I ordered an electric fireplace as my Christmas present this year.
It is quite cold. Got down into the teens last night. So yesterday I went online and found my early Christmas present from Lowes.
It is a Pleasant Hearth 31.75-in Infrared Quartz Electric Fireplace. It is on rollers so you can roll it from room to room. I’m considering putting my TV on it if that works out. It was under $200 even with tax.
It hasn’t shipped yet, so I don’t know when it will be delivered. But I learned living here to be ready for things on my own. Like the power going out.
My air conditioning system outside goes out at least once per year.

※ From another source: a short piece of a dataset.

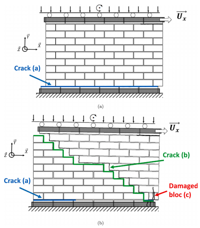 图:试验墙的失效机制:(a)施加的压缩应力较低;(b)施加的压应力较高。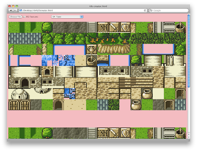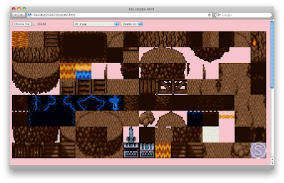 It takes two or three seconds to draw all of it on the canvas, so it may not be practical when I'm loading *all* the tilesets from the ROM, but I'll have to see once I get all of them working. If nothing else, I can use it to create the tile graphics with the proper palettes, then export those to an image which I can use for my tilesets. Not as cool, but possibly more practical. If anyone has any HTML canvas tips, or a better idea, let me know!

But around here they just fix things enough to keep them going awhile and try their best not to spend any money.
The New Management:
And the new management? They haven’t exactly endeared themselves to us the first week of their ownership here. They get an “F” from me for their lack of being responsible.
It would be especially hard to move with Charlie right now. But I’d move if I found somewhere I thought was better.

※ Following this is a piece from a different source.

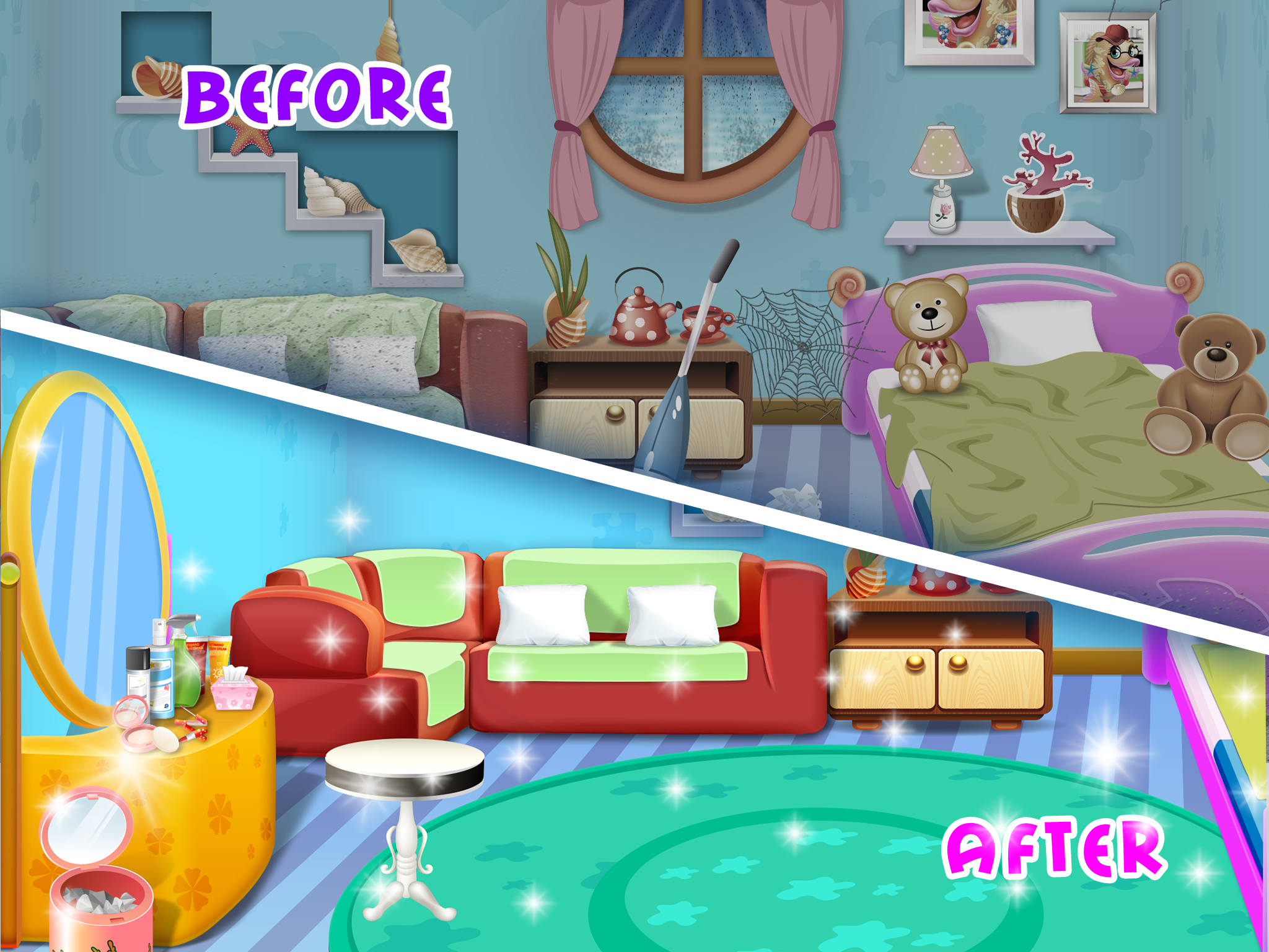 Meet your new best friend Cute Fish, help her clean up the house and play girls all time favorite games! Have fun in different rooms or play in the ocean. Enjoy your favorite activities: clean up the bedroom and playroom, do laundry, create your own toy room, play memory game, decorate the front yard or slice and eat yummy cake with Cute Fish friends!

Contractors and plumbers came and went yesterday without doing anything because there was no manager to talk to. I know because I drove Charlie around in my car from time to time to get us warm.
The Older People Living Here:
I especially worry about the old and frail here who could fall. At this time there would be no one around with keys to check on them.
The LLC company for the new owners is listed in Delaware. Did you know that about half of all the publicly-traded companies in the United States decide to incorporate in Delaware?
They do so for a variety of reasons, with all of them favorable to businesses.
My Poor Charlie:
Last night Charlie coughed so much. I gave him the dose of hydrocodone syrup sometime in the night.
My nerves are frayed because I feel so helpless. It seems to help him stop coughing if I let him outside for a bit. This is why I get up every few hours and take him out on the patio.
Sometimes I get impatient and then I curse myself because it isn’t his fault. It isn’t anyone’s fault. Still, it weighs heavily on me. Because congestive heart failure just gets worse as time goes on.
I can’t seem to look forward to much of anything because my baby is sick. And I’m his mama and I can’t fix it.